For an illustrative example that shows the architectural problem, consider embedding an XHTML/XML chunk within an SVG chunk within an XHTML/XML document. Further, assume that the XHTML/XML pieces are styled either with CSS or XSL. Typically, the author (and the reader) would want consistent styling for all three pieces. For the styling to be consistent, both SVG and CSS/XSL must use the same properties for the same purpose. In addition to using the same properties, the interpretation of those properties must be the same in both SVG and in CSS/XSL (or one or the other piece may have no understanding of the property).

Without some measure of coordination, fragmentation across formatting properties seems inevitable. And that's not, to put it bluntly, a good thing. The TAG's resolution of this issue, "Consistency of Formatting Property Names, Values, and Semantics", drafted by Norm Walsh, establishes a sensible principle:

Formatting property names, values, and semantics must be consistent across all specifications. Whenever a working group suggests the creation of a new formatting property, or the addition of, or a change to, an existing formatting property's allowed values, the working group must show a strong justification for not using an existing formatting property or properties that are related to the proposed new property or value.

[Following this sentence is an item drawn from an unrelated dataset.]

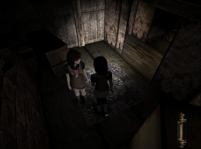 当時のグラフィック特有の、斜め線が階段状に見えるジャギーや、テクスチャのノイズなどが独特の「ザラついた質感」を生んでおり、民家の古びた壁、汚れきった畳における埃っぽさやカビ臭さといった嫌悪感を、プレイヤーに連想させていました。

Clearly innovation on the web will create situations where new properties are required and existing properties will need to be extended. What we must avoid doing is changing the semantics of existing properties in ways that introduce unnecessary interoperability issues.

Lastly, Tim Berners-Lee suggested that the TAG consider the extent of XLink's applicability, particularly, whether xlink:href should be required for any URI parameter, for every URI parameter which points to a document hyperlinked for the present document, or whether it should be optional. For example, SVG uses xlink for referencing symbols, and it can also be used to embed images or other content within a document. After some debate as to the political implications of accepting this as an issue, the TAG did so. It remains to be assigned and is presently unresolved.

Conclusion

Each time I review the TAG's progress, I come away thinking that it's some kind of very low-grade miracle that, on the good days, the Web works as well as it does. The details do in fact matter, but they don't all matter equally. The Web's fundamentals seem as sound as ever, which is a good thing since, increasingly, some of the higher levels are murky and ill-conceived. Straightening out the details, answering the tough calls, and solving the corner cases can be thankless work, but someone has to do it.